» Supplied information
□ □ □ □ □
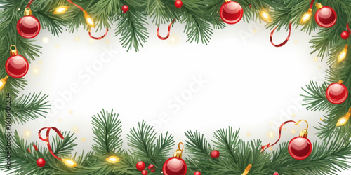 Seamless decorative christmas border with coniferous branches and garlands of christmas lights on transparent background
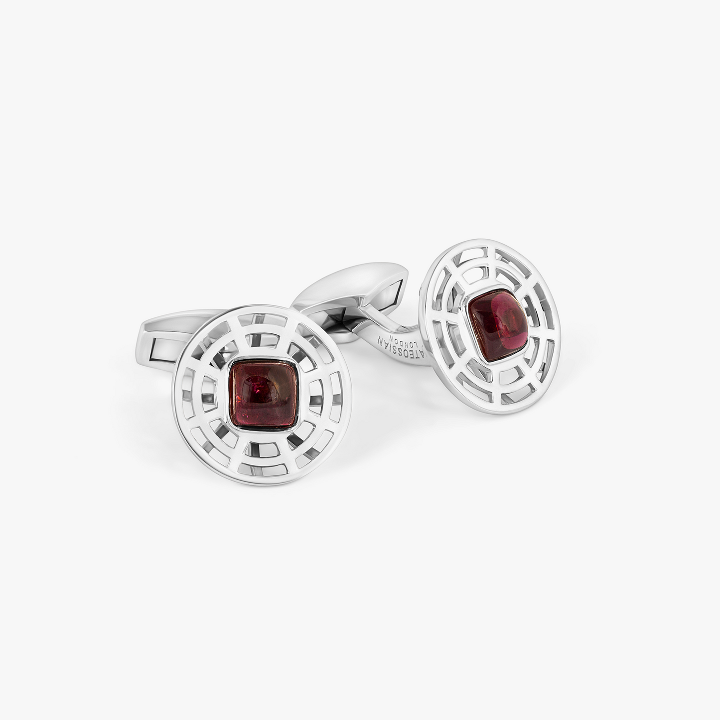 Satellite Cufflinks in Rhodium & Red Tourmaline
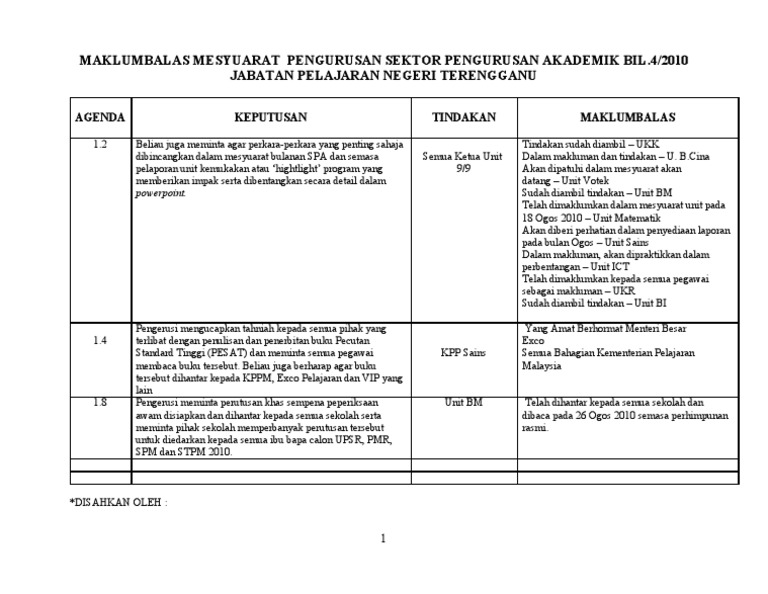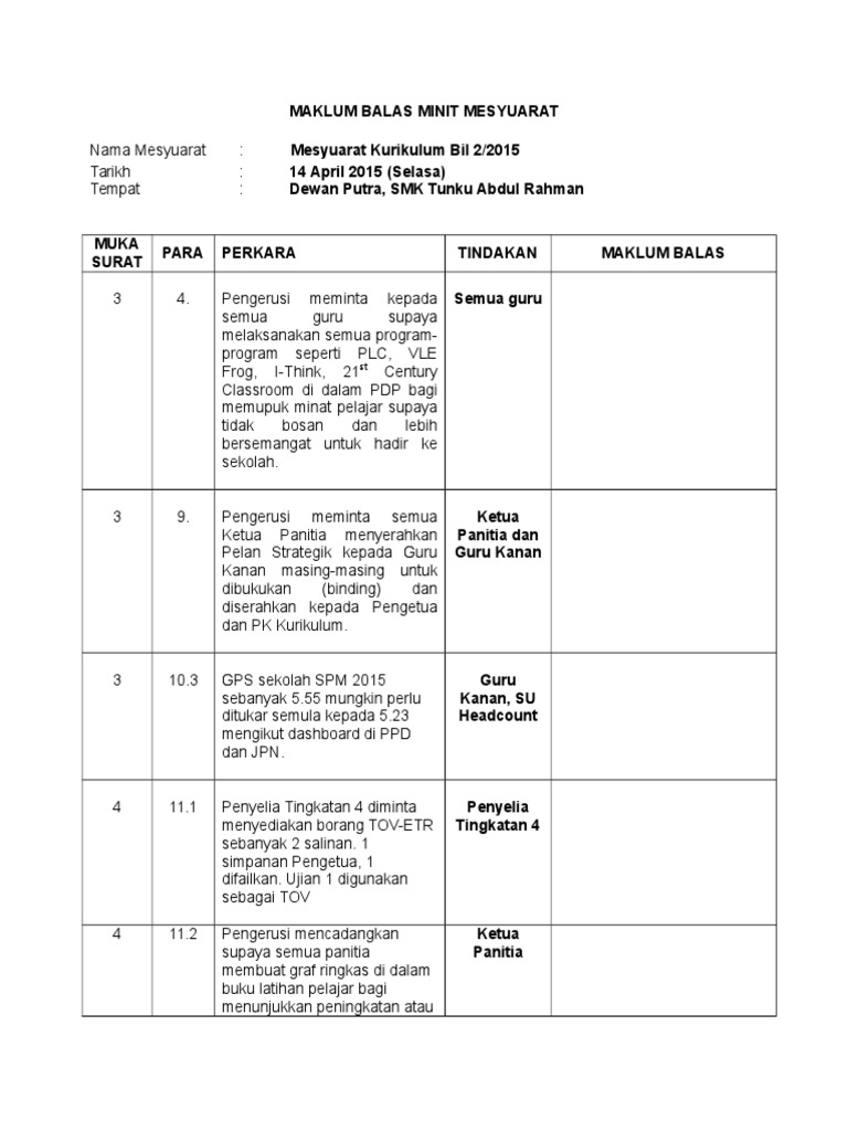 Maklum Balas Minit Mesyuarat Contoh Minit Mesyuarat Dengan Maklum Balas Boleh Dapatkan Di Sini from lh6.googleusercontent.com Contoh borang maklum balas minit mesyuarat 1. Setiausaha perlu mengedarkan borang maklum balas kepada pihak yang dipertanggungjawabkan untuk melaksanakan tindakan susulan hasil keputusan mesyuarat. Bilik mesyuarat sk parit 6 m/ s para perkara unit/panitia tindakan/perkembangan/ulasan 2 4.2.1 jadual penggubalan solan. Kaji selidik pelajar bermasalah pembelajaran. Mesyuarat panitia bahasa melayu bilangan 1 tahun 2017. Minit mesyuarat kurikulum kali ketiga 2011. Translate · borang maklum balas minit mesyuarat jk. Borang maklum balas mesyuarat 5.
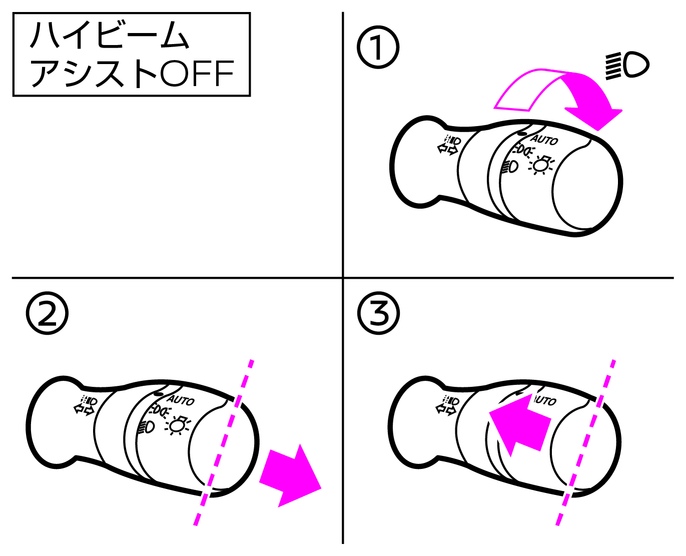 ハイビームアシストがONでロービームのとき、ライトスイッチを車両後方に引くとパッシングになります。
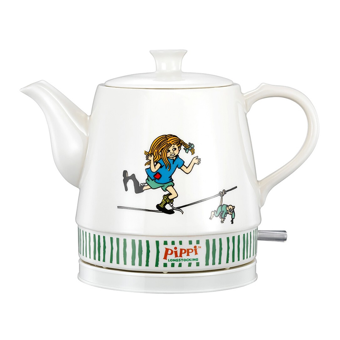 Der weiße kabellose Wasserkocher Pippi ist aus Keramik gefertigt und hat ein Motiv, das nostalgische Gedanken auslöst.Pippi ist nicht wie alle anderen.
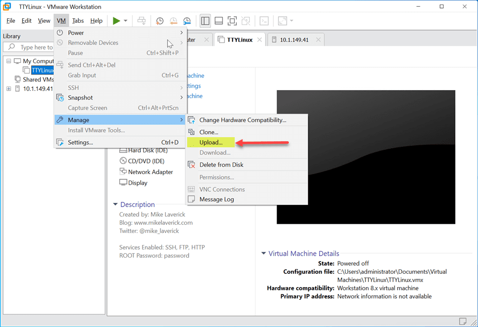 Now, for the actual upload process. To upload a virtual machine from VMware Wokstation, the virtual machine needs to be powered off. To kick off the upload process, click the VM > Manage > Upload option.
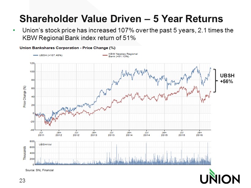 22 Profitability Ratios and Income Trends * excludes after - tax acquisition expenses and acquisition accounting impact 0.70% 0.75% 0.80% 0.85% 0.90% 0.95% 2010* 2011* 2012* 2013* 2014* 2015* 1Q 2016* 0.78% 0.80% 0.89% 0.90% 0.91% 0.90% 0.88% Return on Average Assets (ROA) 9.00% 9.20% 9.40% 9.60% 9.80% 10.00% 10.20% 2010* 2011* 2012* 2013* 2014* 2015* 1Q 2016* 9.77% 9.42% 9.89% 10.05% 10.13% 10.00% 10.13% ROTCE $0 $10,000 $20,000 $30,000 $40,000 $50,000 $60,000 $70,000 2010* 2011* 2012 2013* 2014* 2015* 1Q 2016 $29,129 $ 30,417 $ 35,262 $ 36,408 $65,888 $67,079 $16,961 Net Income ($) 0.00% 0.50% 1.00% 1.50% 2.00% 2.50% 3.00% 3.50% 4.00% 4.50% 5.00% 2010* 2011* 2012* 2013* 2014* 2015* 1Q 2016* 4.24% 4.37% 4.24% 4.18% 3.93% 3.79% 3.76% Net Interest Margin
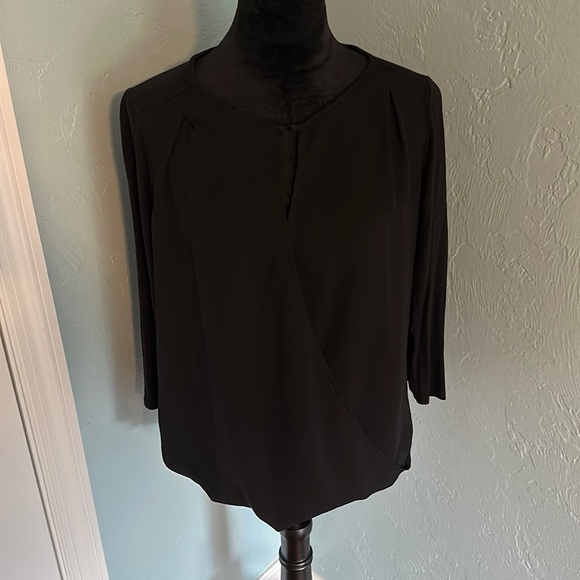 Black blouse 3/4 length sleeves Pleated back Express Size small Gently used, good condition
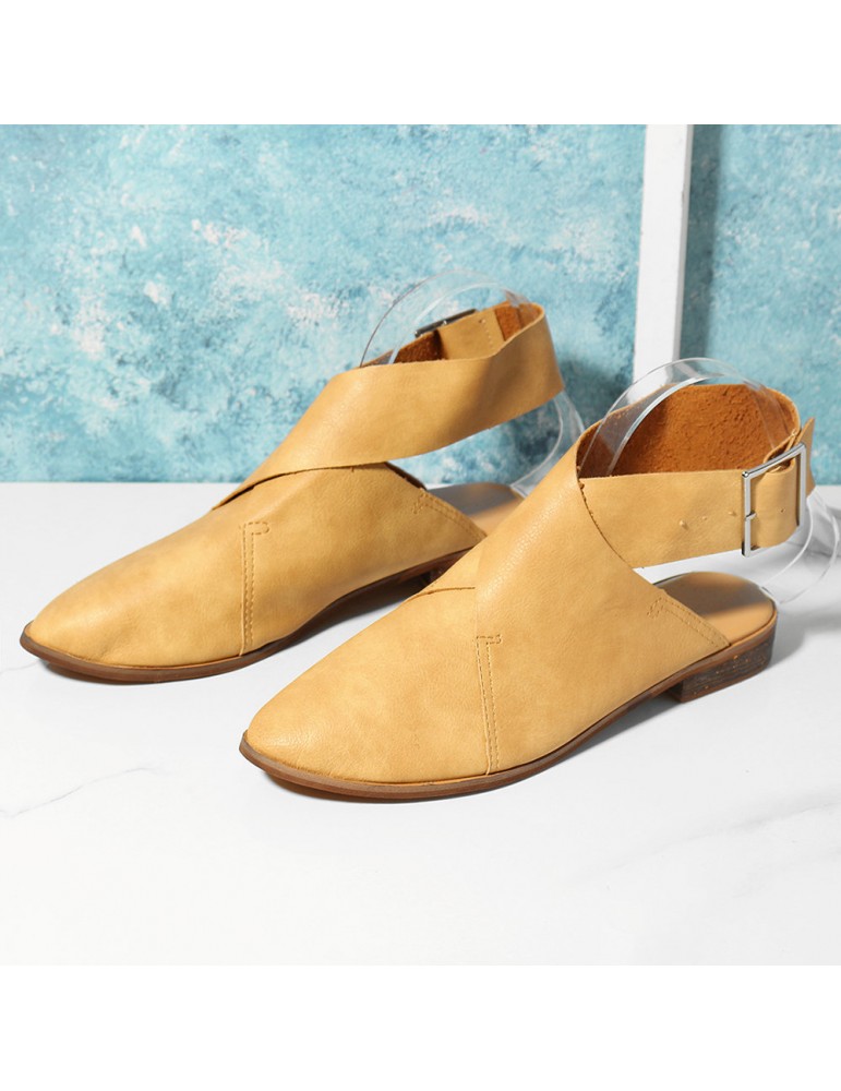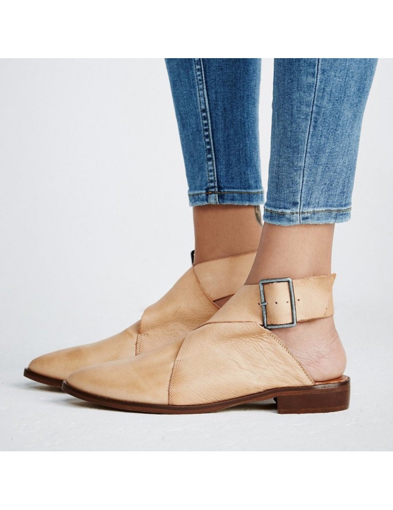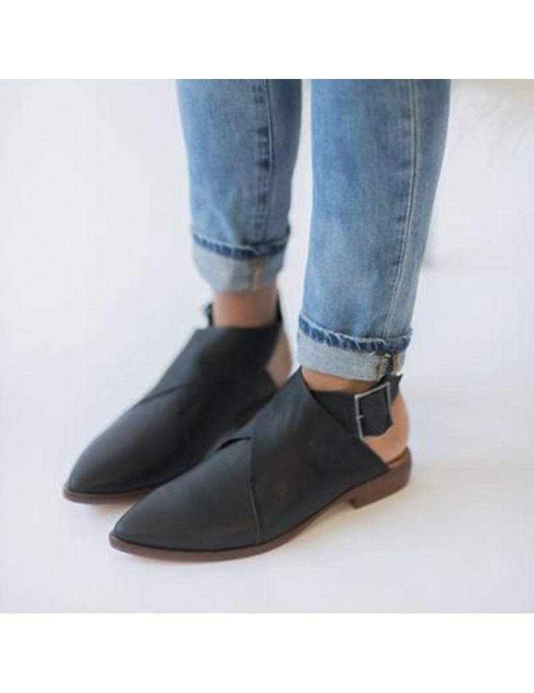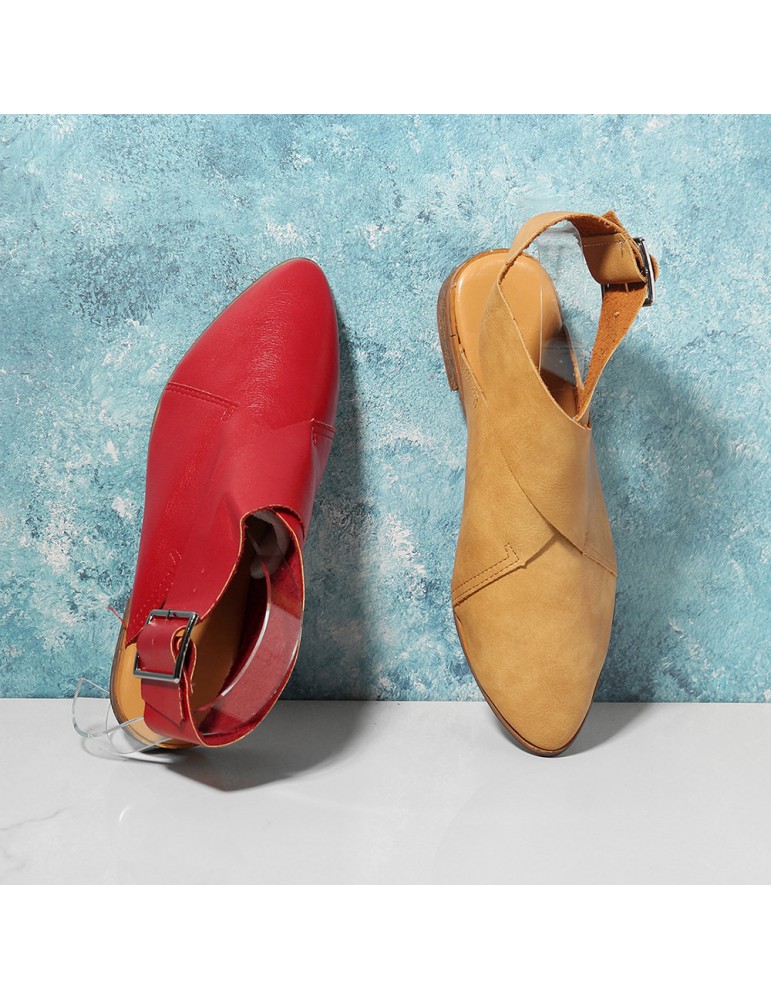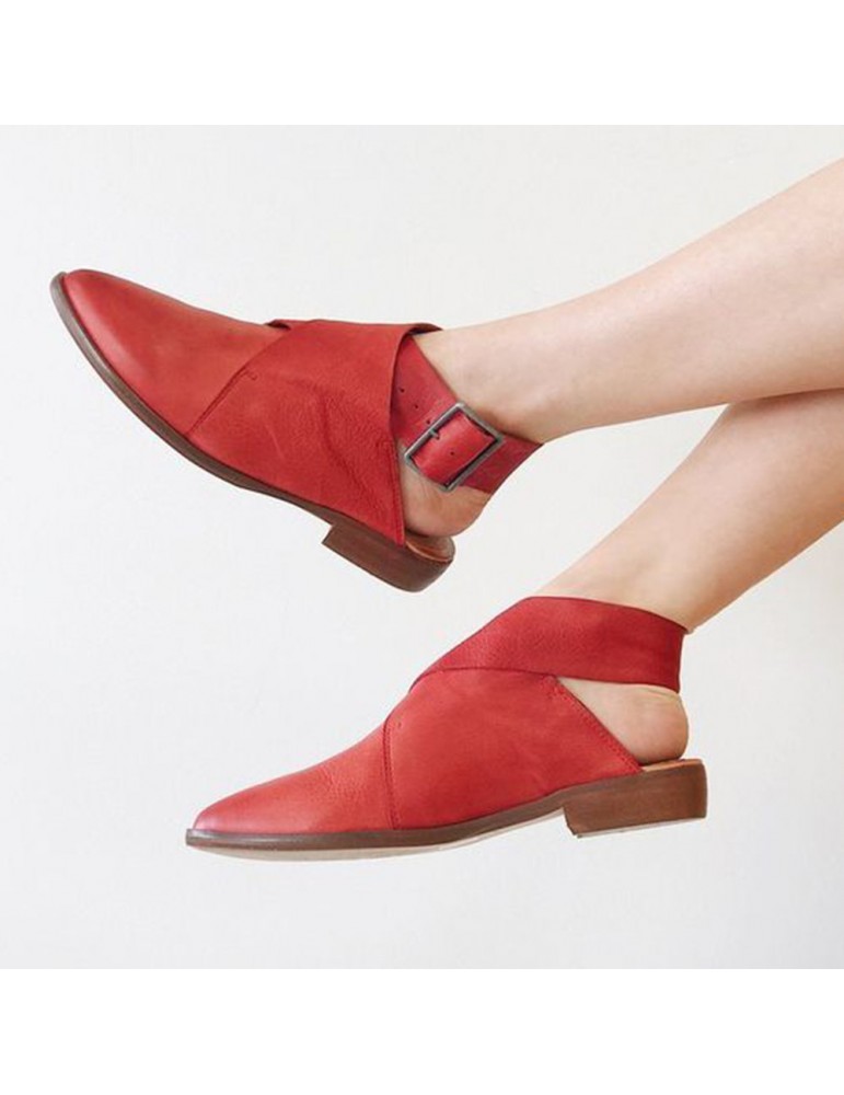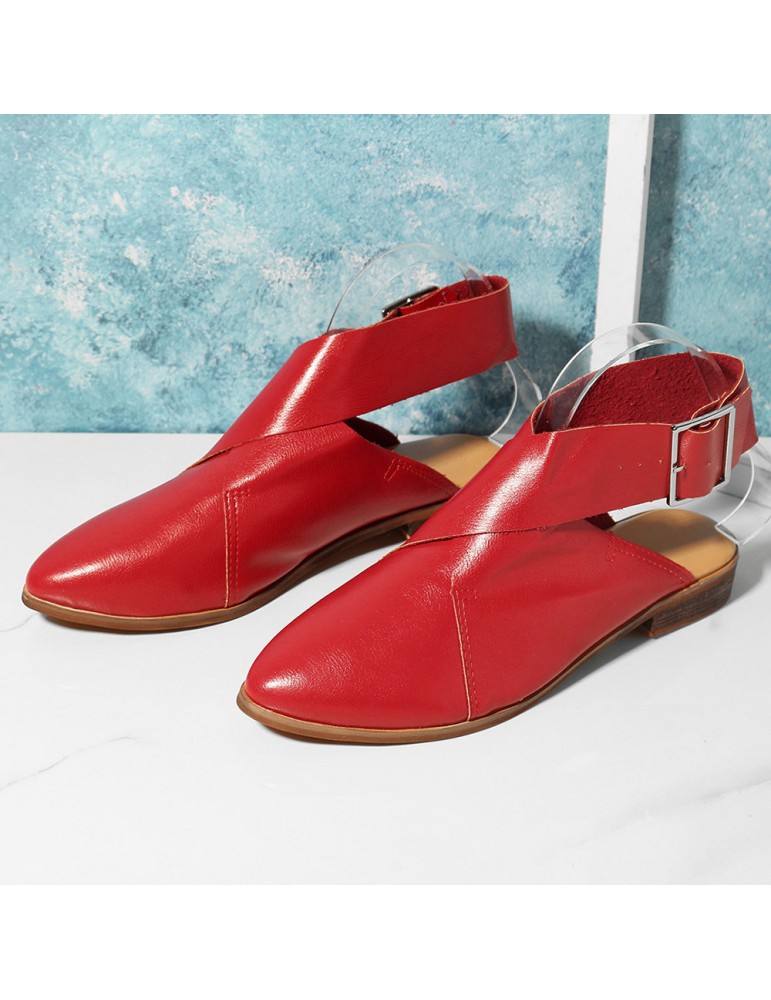 Large Size Women Casual Pointed Closed Toe Belt Buckle Flats
□ □ □ □ □
» Your goal
Write out every record above exactly, leaving no picture in the result.

» Answer to this task
 Seamless decorative christmas border with coniferous branches and garlands of christmas lights on transparent background
 Satellite Cufflinks in Rhodium & Red Tourmaline
 Maklum Balas Minit Mesyuarat Contoh Minit Mesyuarat Dengan Maklum Balas Boleh Dapatkan Di Sini from lh6.googleusercontent.com Contoh borang maklum balas minit mesyuarat 1. Setiausaha perlu mengedarkan borang maklum balas kepada pihak yang dipertanggungjawabkan untuk melaksanakan tindakan susulan hasil keputusan mesyuarat. Bilik mesyuarat sk parit 6 m/ s para perkara unit/panitia tindakan/perkembangan/ulasan 2 4.2.1 jadual penggubalan solan. Kaji selidik pelajar bermasalah pembelajaran. Mesyuarat panitia bahasa melayu bilangan 1 tahun 2017. Minit mesyuarat kurikulum kali ketiga 2011. Translate · borang maklum balas minit mesyuarat jk. Borang maklum balas mesyuarat 5.
 ハイビームアシストがONでロービームのとき、ライトスイッチを車両後方に引くとパッシングになります。
 Der weiße kabellose Wasserkocher Pippi ist aus Keramik gefertigt und hat ein Motiv, das nostalgische Gedanken auslöst.Pippi ist nicht wie alle anderen.
 Now, for the actual upload process. To upload a virtual machine from VMware Wokstation, the virtual machine needs to be powered off. To kick off the upload process, click the VM > Manage > Upload option.
 22 Profitability Ratios and Income Trends * excludes after - tax acquisition expenses and acquisition accounting impact 0.70% 0.75% 0.80% 0.85% 0.90% 0.95% 2010* 2011* 2012* 2013* 2014* 2015* 1Q 2016* 0.78% 0.80% 0.89% 0.90% 0.91% 0.90% 0.88% Return on Average Assets (ROA) 9.00% 9.20% 9.40% 9.60% 9.80% 10.00% 10.20% 2010* 2011* 2012* 2013* 2014* 2015* 1Q 2016* 9.77% 9.42% 9.89% 10.05% 10.13% 10.00% 10.13% ROTCE $0 $10,000 $20,000 $30,000 $40,000 $50,000 $60,000 $70,000 2010* 2011* 2012 2013* 2014* 2015* 1Q 2016 $29,129 $ 30,417 $ 35,262 $ 36,408 $65,888 $67,079 $16,961 Net Income ($) 0.00% 0.50% 1.00% 1.50% 2.00% 2.50% 3.00% 3.50% 4.00% 4.50% 5.00% 2010* 2011* 2012* 2013* 2014* 2015* 1Q 2016* 4.24% 4.37% 4.24% 4.18% 3.93% 3.79% 3.76% Net Interest Margin
 Black blouse 3/4 length sleeves Pleated back Express Size small Gently used, good condition
 Large Size Women Casual Pointed Closed Toe Belt Buckle Flats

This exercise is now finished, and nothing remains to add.